The mermaid watched him looking out over the waves and sketched a picture of him, not as he was but as she saw that he could be. She called him over and he said he had no money. She framed the picture and gave it to him as a gift, that little picture of a plane winging over the water, and in the little window of the little plane was a boy with chipmunk cheeks from smiling.
Before, he’ d felt trapped in a life that was not meant for him. But in those wings, he saw a way to escape. Ever after, when he walked from his home to the beach and stopped at the water’s edge, instead of seeing an end, he saw how there could be a beginning.
The boy grew older and when he left home to follow his dream of flying, it felt like he was arriving instead, into a place that was all his own. He went on to journey across many lands and oceans and mountains, and he wanted to thank the mermaid but couldn’t find her again, and later he lost the portrait she drew to inspire him. But he never forgot about the power of an act of kindness to change someone’s life.
“So, little guy, that’s it for now,” he had told me in Lucy’s belly. “I have to go, but don’t you forget it’s only for a little while. Do you know that airports have beacons, and you can see them from incredible distances? I’ll look for the light to find my way back, and before you know it, I’ll be here to meet you. Cross my heart, so don’t be sad.”
I hadn’t yet found traces of him in my reflection or anywhere else out there, but I had read that the world was full of strange and miraculous things — seas that burned and healed your sores, and springs that bubbled and steamed in glaciers, and trees that twisted and walked on water.
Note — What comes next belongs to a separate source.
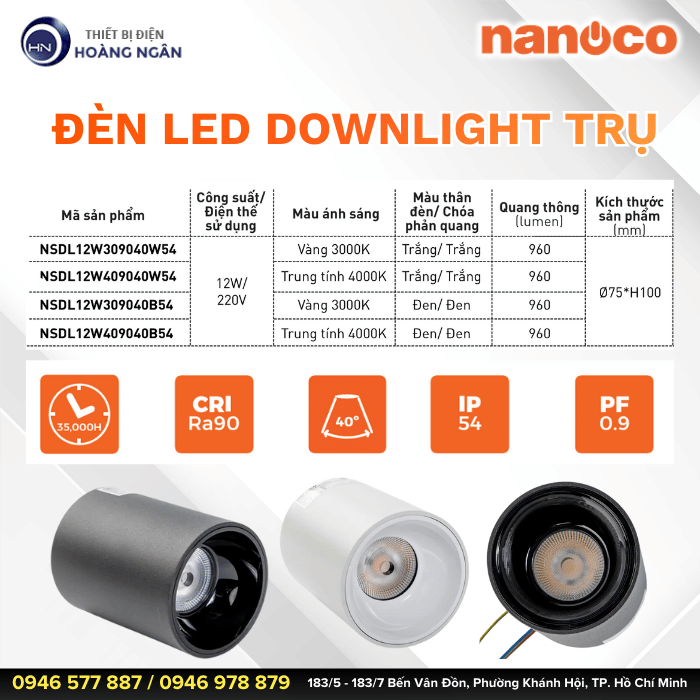 Đèn LED Downlight Trụ Nanoco - Hiệu ứng chiếu điểm sang trọng, ánh sáng tinh tế cho mọi không gian

Since there was no evidence and no one knew for certain what had happened to Walter Lavender Sr., I made a light of my own, a beacon for him to follow home. I used a mason jar, and I put it in the window and refilled the oil and replaced the wick and tended to the flame, even as the days became years.
But I also prepared myself for the other way his story could end, where he could no longer return and knock on the door. I monitored the paper and the mailbox for new developments, and I also reread old reports and gathered stories about him from Lucy, collecting as much information as I could and poring over it for clues on where to look and what to look for. That way, I would be able to recognize the sign when I saw it — the one that would mean he was not returning.
Lost things could be found; Walter Lavender Sr. did not just disappear, and until I knew for certain what had happened to him, he was at once searching for the way back and already gone.
Over the years, when he did not return and I did not find any clues that pointed to him, I began to wonder whether he did not want to be found. Maybe he was embarrassed of me, because I was not like him and also not like most people who talked without thinking, just opening their mouths to release a volley of words like arrows. All I could do was hope that wasn’t it — that he knew I was learning the one lesson he left me, about kindness and changing lives.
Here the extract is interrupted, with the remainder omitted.